End-to-end data science project in Python: 1) data scraping, 2) sentiment analysis, 3) and data visualization.
I was curious to see if sentiment scores could be used to visualize character arcs. If so, could sentiment analysis help writers evaluate character development in their work?
For this project, I analyzed one of my favorite TV shows Avatar: The Last Airbender. I used Jupyter Notebook for documentation. Follow along to see how to:
- Scrape the web for episode transcripts with Beautiful Soup
- Manipulate data with pandas and analyze character dialogue using VADER
- Create interactive visualizations of the sentiment scores with Plotly Express
See the accompanying Medium blog post for detailed project tutorial.

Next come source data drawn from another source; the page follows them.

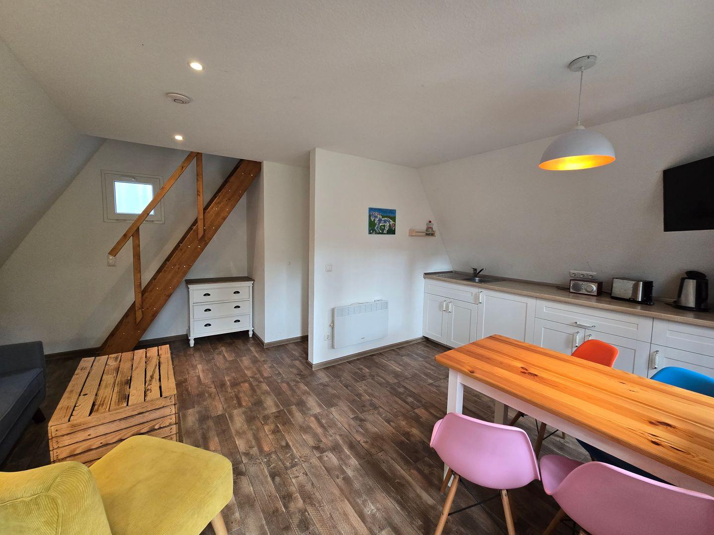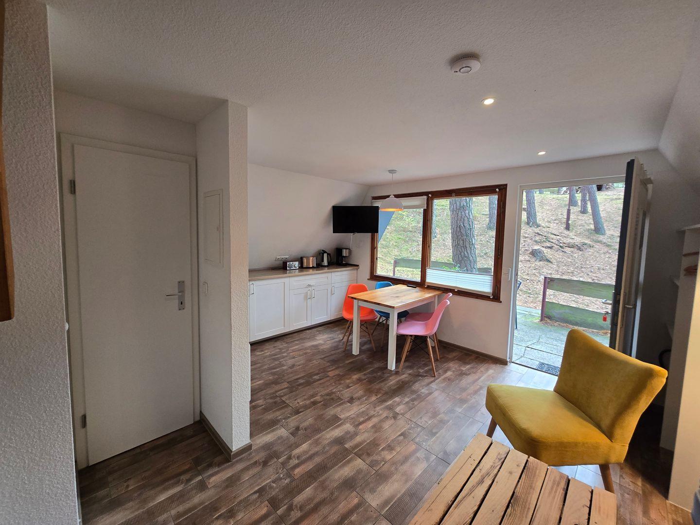 Drinnen warten ca. 30 m², die mehr können, als man denkt. Im Wohnzimmer treffen Sofa, Tisch und Stühle auf eine große Terrassentür, die den Wald direkt ins Haus holt. Die Schlafgalerie unterm Dach ist kuschelig und luftig zugleich – vier Betten für Erwachsene oder Kinder. IAlles schlicht, praktisch, ein bisschen skandinavisch – und mit Heizung für kühle Abende.
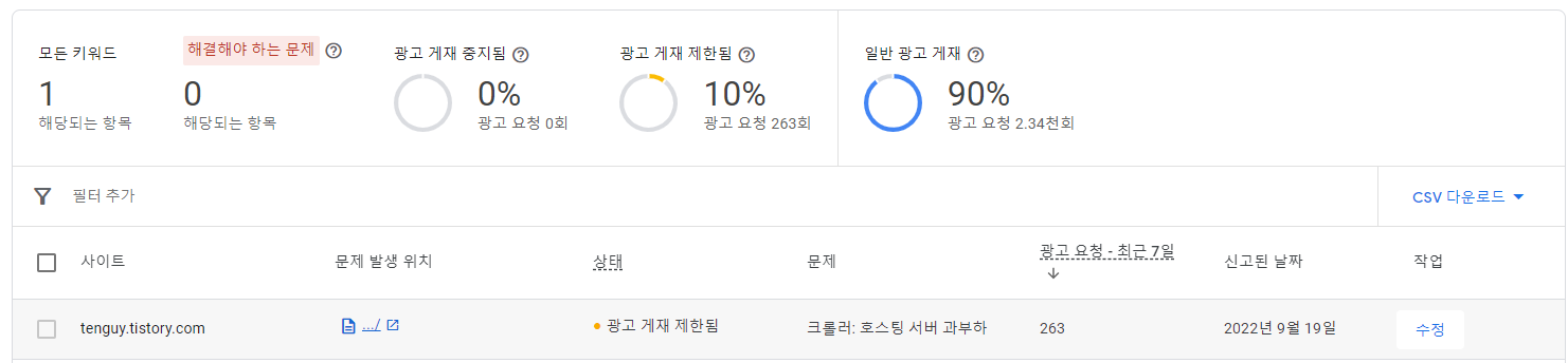 2) 블로그에 광고가 제한됨(수익 제한됨)
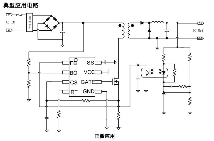 線電壓欠壓保護(hù):線電壓欠壓保護(hù)通過(guò)監(jiān)控 BO 引腳上的電平,控制器可以保護(hù)正轉(zhuǎn)換器免受低輸入電壓條件的影響。 當(dāng) BO 引腳電平低于 VBO電平時(shí),控制器停止脈沖,直到輸入電平恢復(fù)正常,并通過(guò)新的軟啟動(dòng)順序恢復(fù)運(yùn)行。欠壓比較器具有固定的比較電壓(VBO)。當(dāng) BO 引腳低于內(nèi)部電壓(VBO)時(shí),通過(guò)使用連接在 BO 引腳和地之間的內(nèi)部電流實(shí)現(xiàn)遲滯。
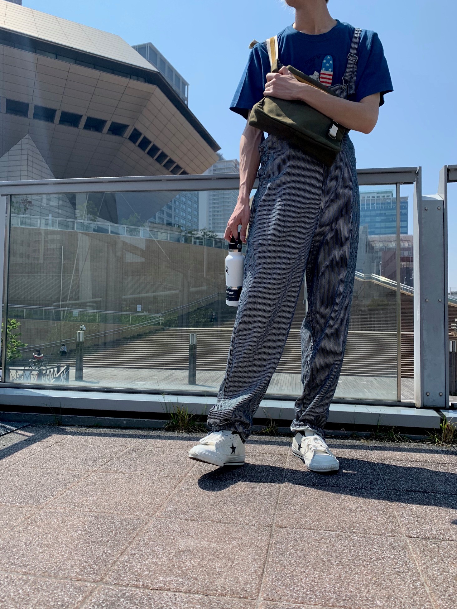 メンズスタッフにスヌーピーのTシャツをオーバーオールと合わせてきてもらいました!!
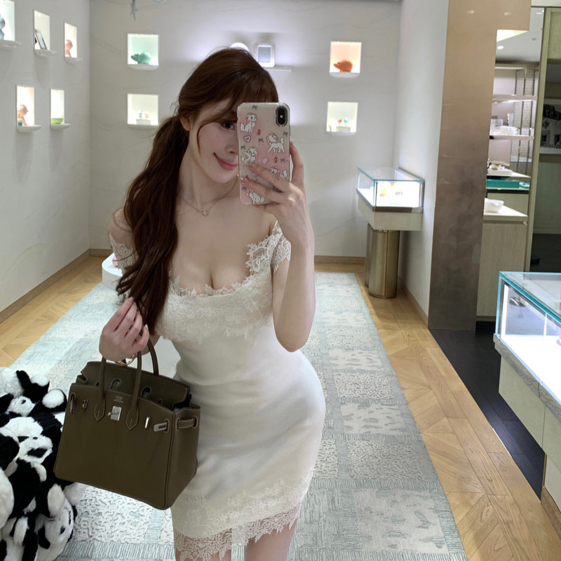 项天鹅er 蕾丝吊带连衣裙女2025冬季新款名媛包臀裙气质抹胸裙子
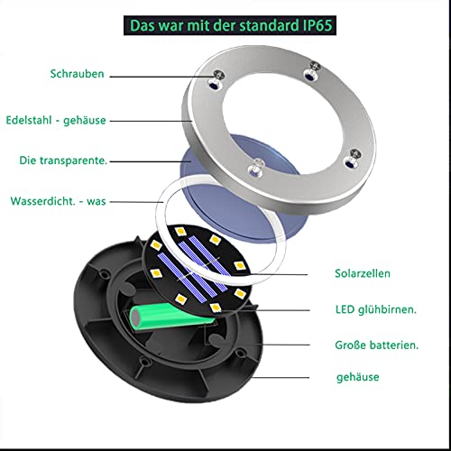 [Wasserdichter und Edelstahlkörper]: Das Solarlicht verfügt über einen wasserdichten und Edelstahlkörper, der bei unterschiedlichem Wetter gegen ultraviolette Strahlen und Korrosion beständig ist und sich hervorragend für Außenbereiche eignet.
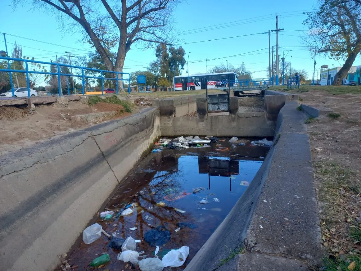 Uno de los puntos más afectados es el canalito de calle San Juan, entre Isidro Lobo e Yrigoyen, donde la basura se amontona entre los márgenes donde se encuentran las compuertas. A simple vista, se observan envases plásticos, residuos domiciliarios y hasta escombros. Situaciones similares se registran en el canal que cruza calle Mendoza hacia Ruta 22, y en el derivador paralelo a la Ruta Nacional 22, en la intersección con Avenida Roca.
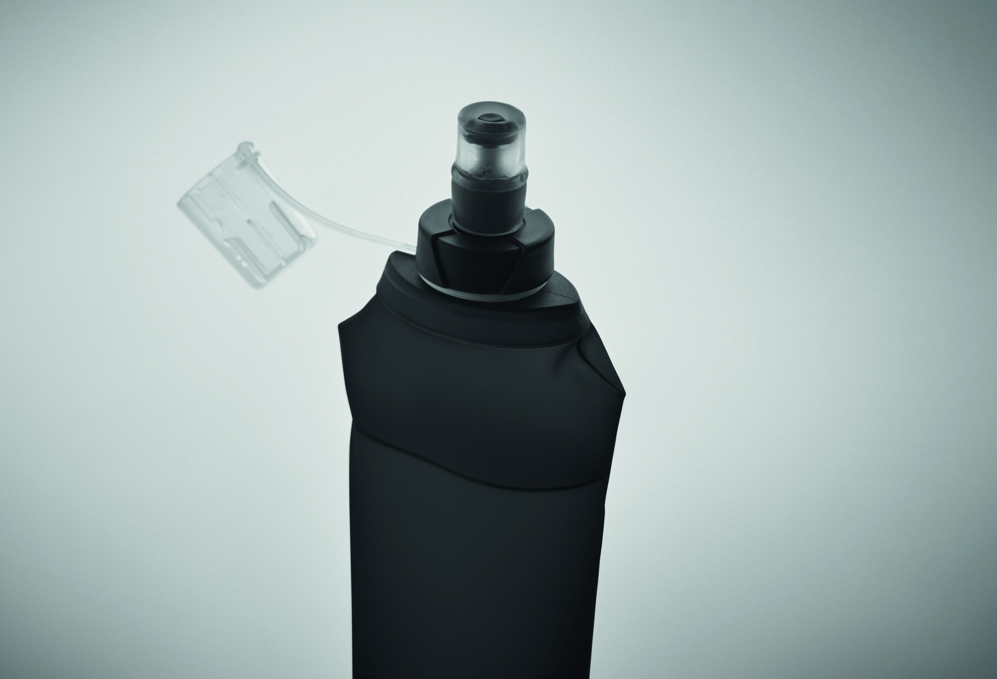 Foldable TPU water bottle with bite valve. Lightweight and portable design, ideal for outdoor use. Leak-free. Capacity 500 ml.
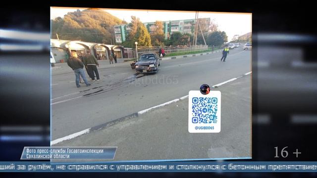 19.09.2025 В Холмске «Кроун» налетел на бордюр, когда пытался скрыться от сотрудников полиции
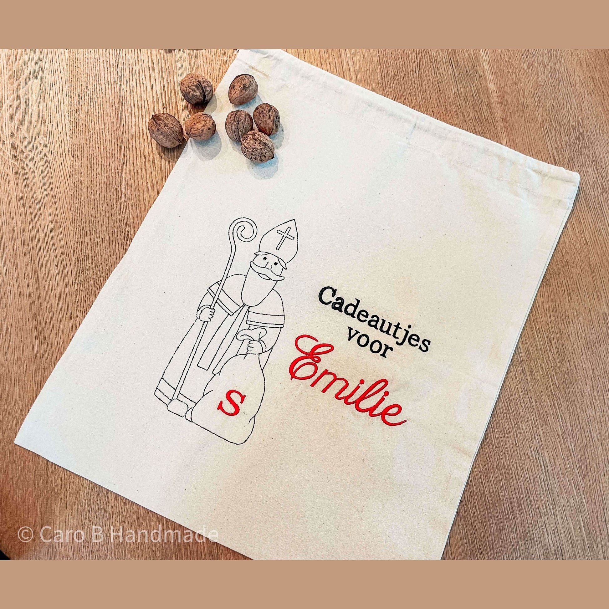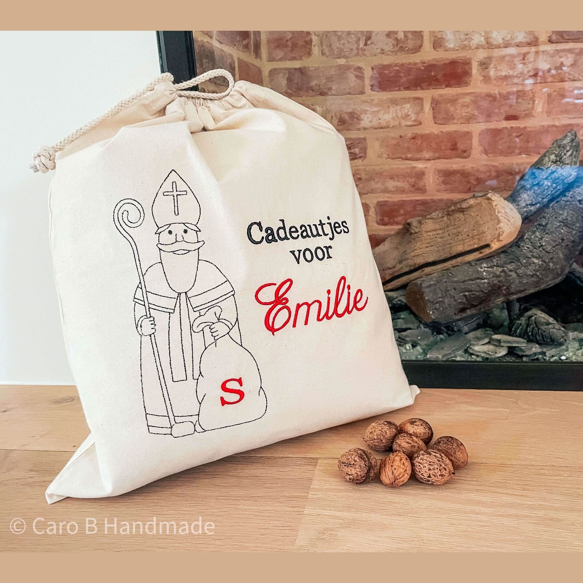 Verzamel alle cadeaus in een unieke zak van Sinterklaas met een geborduurde naam.

Without prior knowledge of the series, I could've guessed Azula is the villain by looking at the “Sentiments per episode” plot. Her trend line increases before a sharp decline towards the finale (typical for stories where the good guys win). Although sentiment progression is not a perfect proxy for character development, in the future it might be part of a larger algorithm that’ll help writers evaluate their work. See Medium blog post for further discussion.
You must have Jupyter Notebook installed on your computer. Download atla_sentiment_analysis.ipynb to current directory and open Jupyter Notebook by running jupyter notebook
in the command line.